À un an des élections générales, l’ANC semble être arrivée au bout du grand nettoyage qu’elle a lancé au sein de ses organisations, entre autres la Ligue de la jeunesse et l’Association des vétérans d’Umkhonto we Sizwe. Les structures internes de l’ANC n’y ont pas échappé non plus depuis le congrès de Polokwane, en 2007, et après celui, électif, de Mangaung, en décembre 2012, dans les branches qui ont soutenu la candidature de Kgalema Motlante contre Jacob Zuma. Le leitmotiv de l’« unité nationale » indispensable à la « reconstruction du pays », si cher au président Jacob Zuma, ressemble plus que jamais à une sorte de litanie sans fond ni fin.
La création récente de deux nouveaux partis début 2013 en est la preuve. Déjà, en 2008, des dissidents de l’ANC et figures incontestées de la lutte contre l’apartheid, Mosiuoa « Terror » Lekota et Mbhazima Shilowa, avaient fondé le Congrès du peuple (Cope). Certes, il n’avait obtenu « que » 7,42 % des voix aux élections de 2009, mais en remportant 30 des 400 sièges à l’Assemblée nationale, le Cope avait contribué à priver l’ANC de la majorité absolue et ouvrait une brèche dans une forteresse que l’on pensait inébranlable.
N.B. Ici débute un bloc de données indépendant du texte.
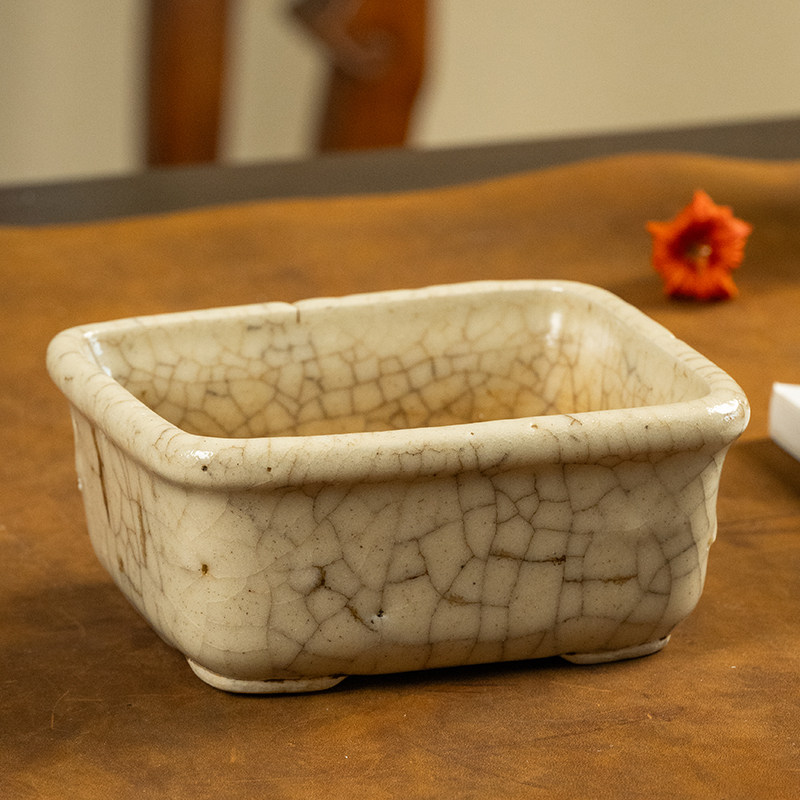 清代 哥釉方形水仙盆老物件收藏品文玩古董瓷器真品中式花盆摆件
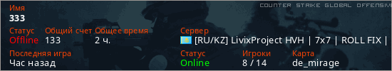 Последний раз был в сети Час назад Игрок с таким ником замечен на 56 серверах

Le 18 février dernier, Mamphela Ramphele lançait Agang South Africa (Construisons l’Afrique du Sud). Son objectif : donner le pouvoir au peuple, construire des services publics efficaces, une économie restructurée, une éducation et un système de formation modernes, et restaurer la position de l’Afrique du Sud en Afrique et dans le monde. Le Dr Mamphela Ramphele est une ancienne dirigeante du Mouvement de la Conscience noire, compagne de Steve Biko avec lequel elle a eu deux enfants. Elle a été directrice à la Banque mondiale et membre de la direction de plusieurs groupes industriels, dont elle a démissionné pour revenir à la vie politique. Très critiquée pour ses positions anti-grévistes lors des grèves tragiques dans les mines en 2012 et pour ses appels à moderniser ce secteur par des licenciements massifs – de fait son ancien employeur Anglo Américan, vient d’annoncer sa volonté de licencier 6 000 mineurs –, cette femme influente peut, cependant, fédérer et séduire une partie de l’électorat.
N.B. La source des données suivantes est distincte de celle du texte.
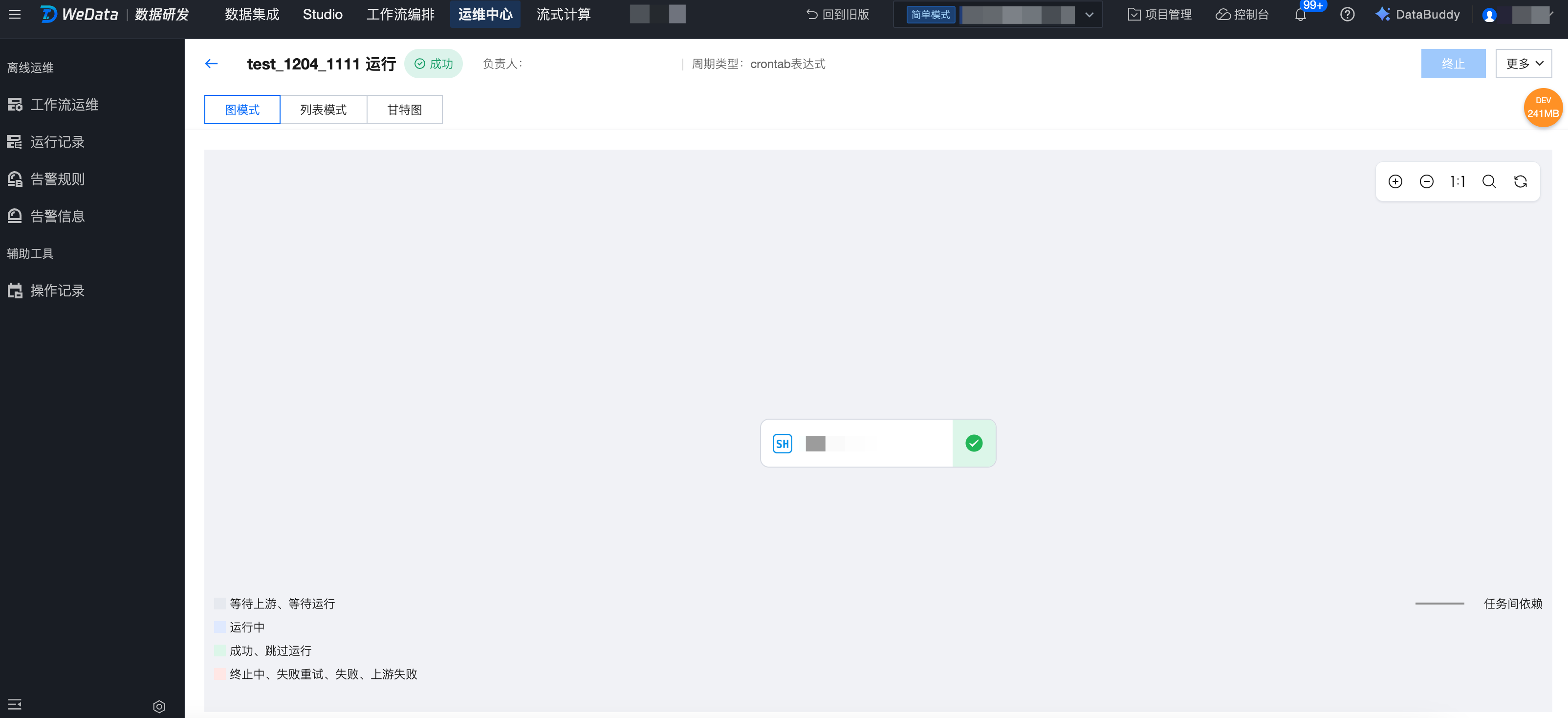 工作流运行详情页:在工作流运行详情页可以查看工作流运行下任务节点的运行情况,支持按照图模式、列表模式、甘特图模式查看。
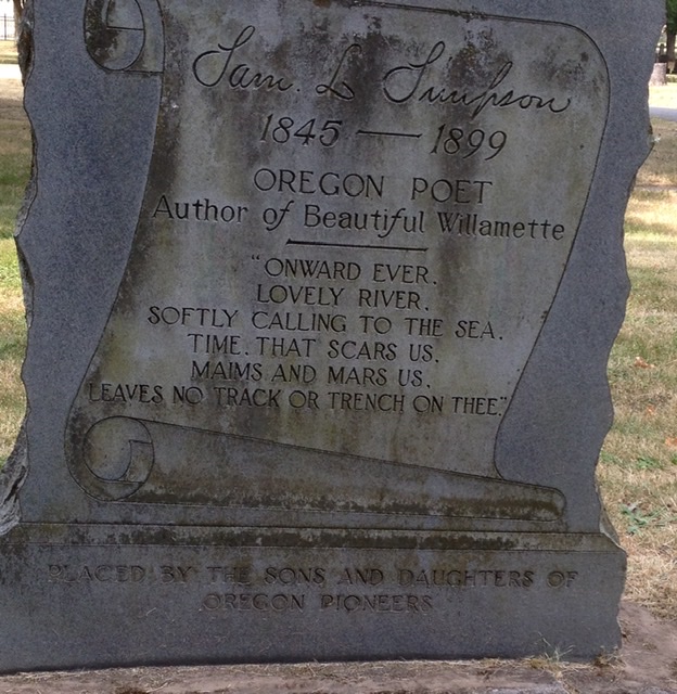I was happy to find a new friend at Lone Fir Cemetery! Mr. Samuel Simpson was a poet in Oregon, living from 1845 to 1899. His most popular piece was called “Beautiful Willamette”, and he was much loved here in Portland.

C’est dans les murs de l’ancienne prison pour femmes de Johannesburg, où furent incarcérées tant d’héroïnes de la lutte contre l’apartheid, comme Albertina Sisulu ou Winnie Madikizela-Mandela, que, de façon provocatrice, Mamphela Ramphele a choisi de lancer son nouveau parti, en prononçant un discours assassin contre l’ANC de Jacob Zuma.
Fin avril, des dissidents de l’Association des vétérans d’Umkhonto we Sizwe ont annoncé la création d’un autre parti, South Africa First (Afrique du Sud d’abord). Les deux fondateurs, Eddie Mokhoanatse et Lucky Twala, n’ont, eux aussi, pas de mots assez durs contre l’ANC et son actuelle direction. « Lorsque nous avons adhéré à l’ANC [1976 et 1978], c’était essentiellement pour rejoindre le mouvement de libération et l’ANC comme acteur de changement. Si elle s’éloigne de ses valeurs fondamentales, nous ne voyons aucune raison pour rester dans l’organisation », explique Mokhoanatse expulsé l’année dernière avec d’autres, après avoir dénoncé les détournements d’argent par les plus hauts dirigeants de l’association des vétérans. Début mai, il exigeait que gouvernement déclassifie une liste d’anciens de membres de l’ANC et d’Umkhonto également agents de l’apartheid, donnée à l’ANC par l’ex-président Frederik de Klerk.
Les réactions de l’ANC à l’annonce de ces nouveaux partis ne sont pas différentes de celles adoptées à l’égard du syndicat des mineurs indépendants ou d’autres organisations ou groupes contestataires. « Ennemis de la révolution », « agents de l’apartheid » « traîtres » sont les qualificatifs le plus souvent utilisés officiellement. Le communiqué publié le 18 février par l’ANC à propos du lancement d’Agang South Africa est éloquent : « L’annonce vient après la révélation des tentatives du Dr Ramphela de lever des fonds à l’étranger, dont les États-Unis. Nous espérons seulement que le pompage de fonds étrangers en Afrique du Sud ne portera pas atteinte à la démocratisation et la transformation à venir dans notre pays. » Alors que la situation critique dans laquelle se trouve le pays exige la mobilisation de tous, l’ANC, touchée par des scandales sans fin, préfère s’enfermer dans une tour. Elle finira par s’écrouler, quel que soit le temps que cela prendra, si l’organisation n’évolue pas profondément.